Spell Out Tenant’s Obligations After Zoning Change

Spell Out Tenant’s Obligations After Zoning Change



If you own a mixed-use building that has retail stores on the ground floor and residential units on the floors above, with the ground floor specifically zoned for retail use, be aware of additional lease considerations. Namely, you’ll need to factor in the potential for zoning changes in your leases.

This will be part of negotiations with tenants, who are likely to be concerned that if zoning laws change, they won’t be able to operate their businesses. They’ll be worried that they’ll still be on the hook for a multi-year lease. Termination rights will be implicated here. But you can protect your interests in such a situation, so that you won’t lose out on rent if a tenant can no longer use the space.

A so-called “partial invalidity” clause will protect you. This provision says that if a court invalidates any provision of the lease, the rest of the lease still remains in effect. That means that, if something happens that prevents the tenant from using the space as it intended—that is, according to the uses stated in the lease’s use clause—there’s nothing stopping you from forcing the tenant to still meet all of its lease obligations.

While a small tenant or one without much leverage might agree to a partial invalidity clause without much negotiation, a savvy tenant will want to avoid this situation by getting the option to terminate the lease in that event. But it’s crucial to limit that termination right. You can demand that the tenant make its decision to terminate by a certain deadline or loses its right to terminate the lease.

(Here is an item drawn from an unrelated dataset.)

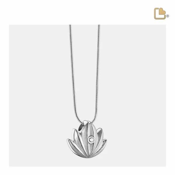Dieser handgefertigte Ascheanhänger aus 925er Sterlingsilber stammt aus der exklusiven LoveUrns Treasure Kollektion. Mit einer wunderschönen, glänzenden und matten Silberoberfläche und einem Zirkonia-Stein. Lotus™ Asche Anhänger Silber mit Zirkonia Steinn.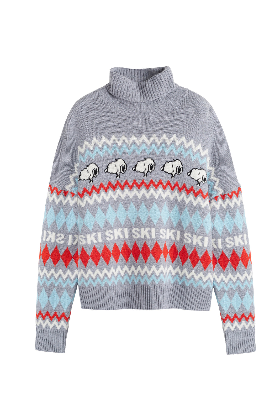 Playful meets alpine chic in this statement roll neck, featuring a bold Fair Isle pattern and marching Snoopy faces across the chest. Knitted in a soft wool and cashmere blend, it brings warmth and whimsy to your winter wardrobe.

Remember to specify that the tenant will still be responsible for meeting any obligations that arose before the termination. This protects you if, for example, the tenant was behind on its rent at the time of termination. Also, it’s not uncommon for an owner to ask that the tenant pay any back rent before it can terminate the lease. And make sure that the tenant is responsible for damage to the space that occurred while it was still doing business there.